The motion restates the importance of the statutory Code, despite it being in need of fresh paint, and recognises we need to make sure branches and regions (and newer activists and staff) are aware of its value and how to use it. All straightforward and common sense ... so why is amendment 21.2 seeking to delete reference to using the Code as an organising tool? If new starters on these contracts know that UNISON is actively pursuing adherence to the Code, and is organised within that employer, then surely they are more likely to join and get active. So the Code, for all that it needs updating, is an organising tool. Why would we delete that? Support 21 and 21.1 - oppose 21.2.
Monday morning kicks off with Pensions. Under threat. Listen. Enough said.
Who would have predicted Libraries as a political battleground? Ask Wirral branch who led a successful community campaign against closures. Motion 29 Love Your Libraries puts the case for modern Libraries as community hubs rather than just the traditional image of rows of bookshelves.
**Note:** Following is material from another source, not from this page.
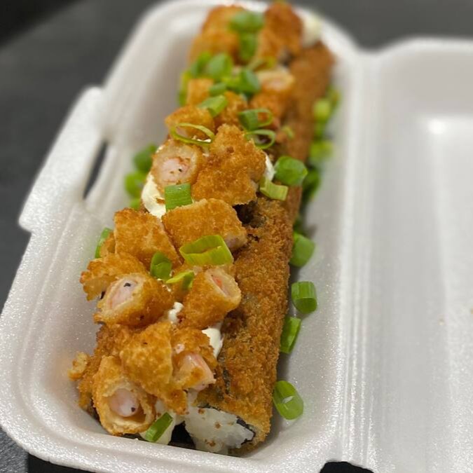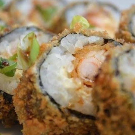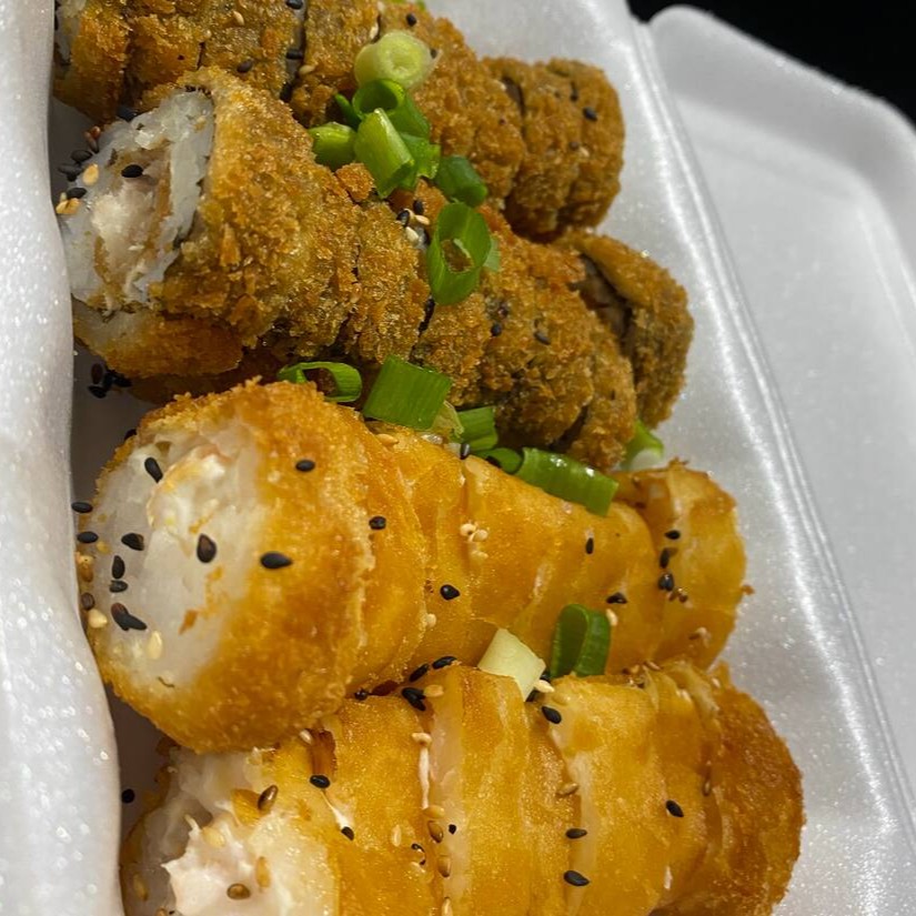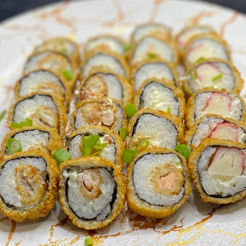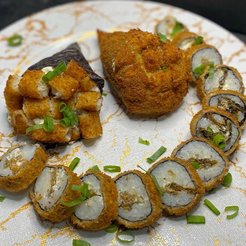 Shari (arroz japônes) enrolado no nori, com recheio de creme cheese e sabor de sua preferência, frito.
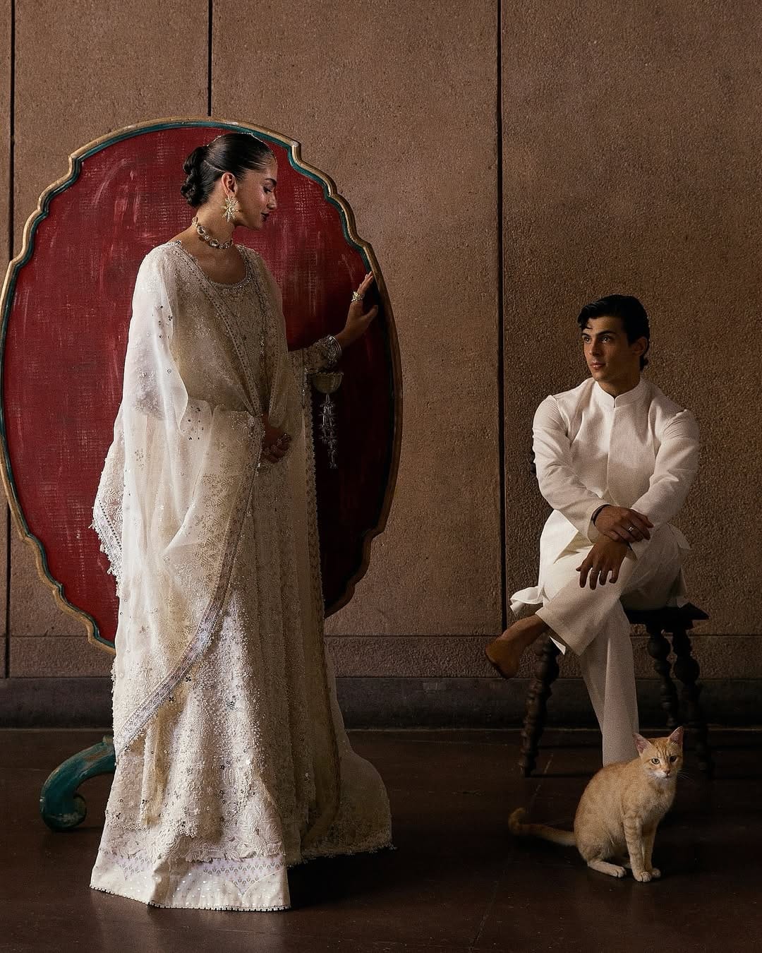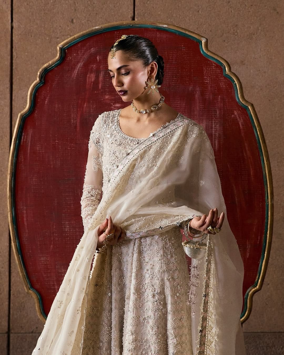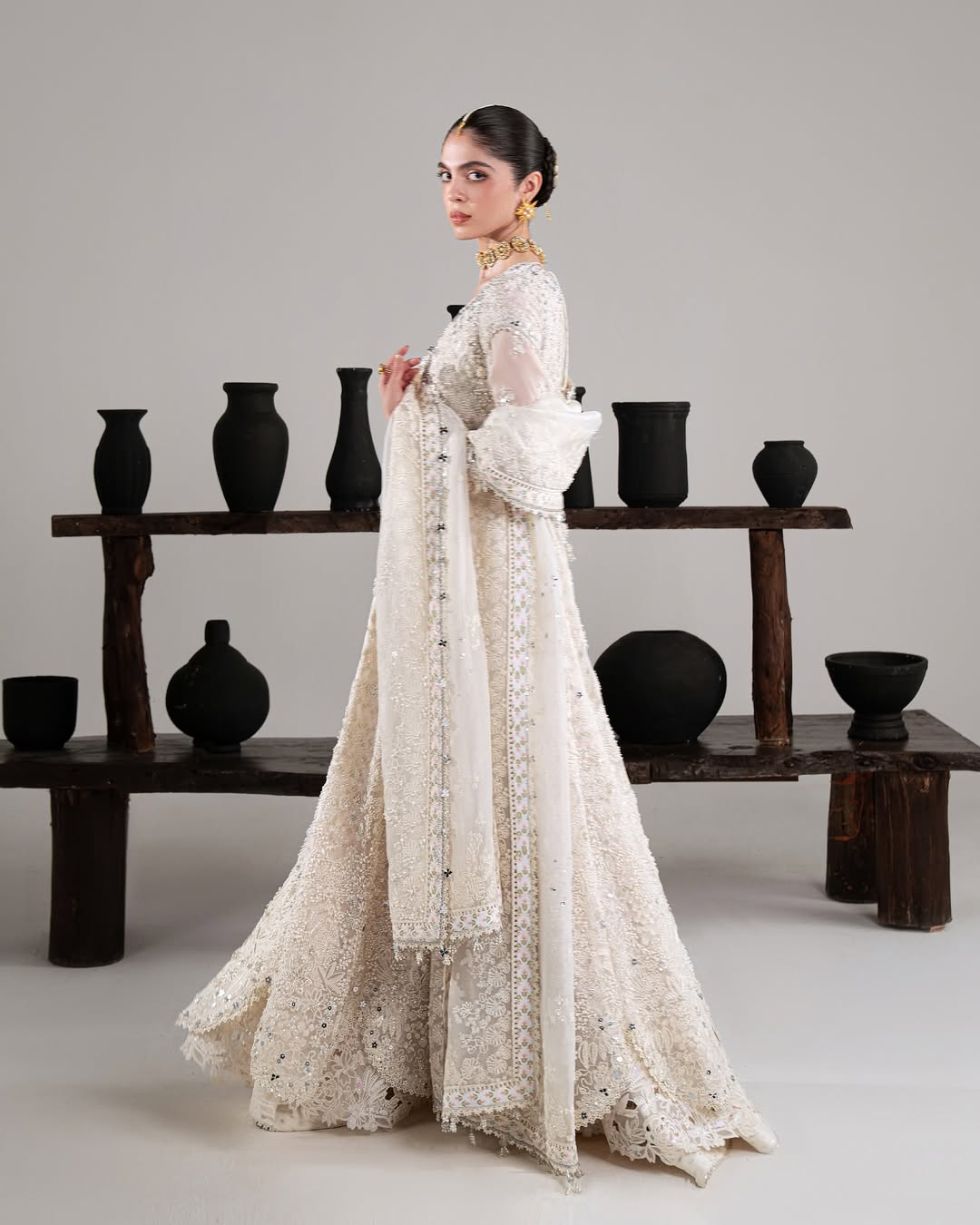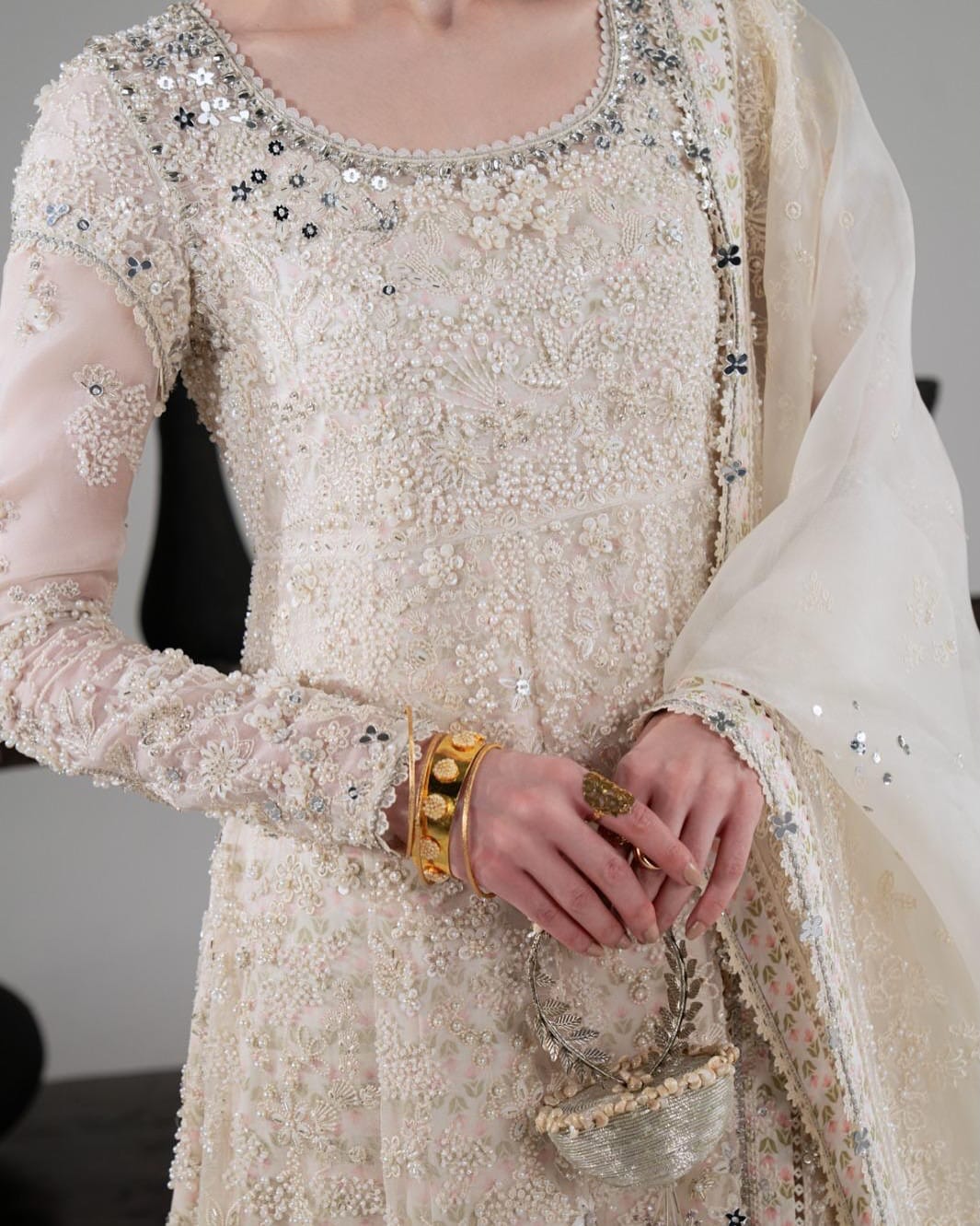 Zahrell Stitched-(4pc)- A vision in white, this four-piece organza pishwaas embodies timeless elegance. Featuring a scoop neckline, layered cap sleeves, and delicate self-embroidery with beads, mirrors, and pearls, it is layered over a printed slip with cutwork detailing. Paired with floral grip silk printed sharara pants and a matching organza dupatta finished with borders, sequins, pearls, and mirror tassels, the ensemble exudes ethereal

Monday afternoon starts with education. Newcastle City’s motion 36 School Support Staff is timely given the new Government’s foolhardy and misguided (or deliberate?) invitation to all schools to become academies. Schools members can feel ‘untouched and forgotten’ and this motion addresses how we can engage and empower them (including dedicated projects running in many regions) to be organised and representative for the challenges ahead; not least the complex task of the School Support Staff Negotiating Body. Support 36.
Near the end come motions 37, 38 and 39 on Pay and Bargaining. The NJC is the largest national bargaining group in the UK but currently the employers refuse to even discuss pay. Yet maintaining national machinery is a serious issue; local or regional bargaining is not viable with our current density levels and any short term attraction this offers during a pay freeze is sniffing at a false dawn.
In the North West there are 41 council branches but not one has the 50% membership density to support statutory recognition - and the North West density is amongst the highest in the country! With facility agreements already under attack how long could a branch sustain local bargaining before the Council moves on derecognition and stops DOCAS? And what then?
This is why we must maintain the campaign over pay, however difficult that is, and increasingly broaden its sophistication. Newcastle’s motion builds on several years of the NW and Northern Regions calling for this approach. It shows how pay can be viewed not just as the amount coming into your purse but balancing that against what goes out. If we can cut childcare costs, increase skills to open up career development, and other ‘indirect pay’ initiatives within a bargaining agreement then we are increasing the real value of our members’ pay.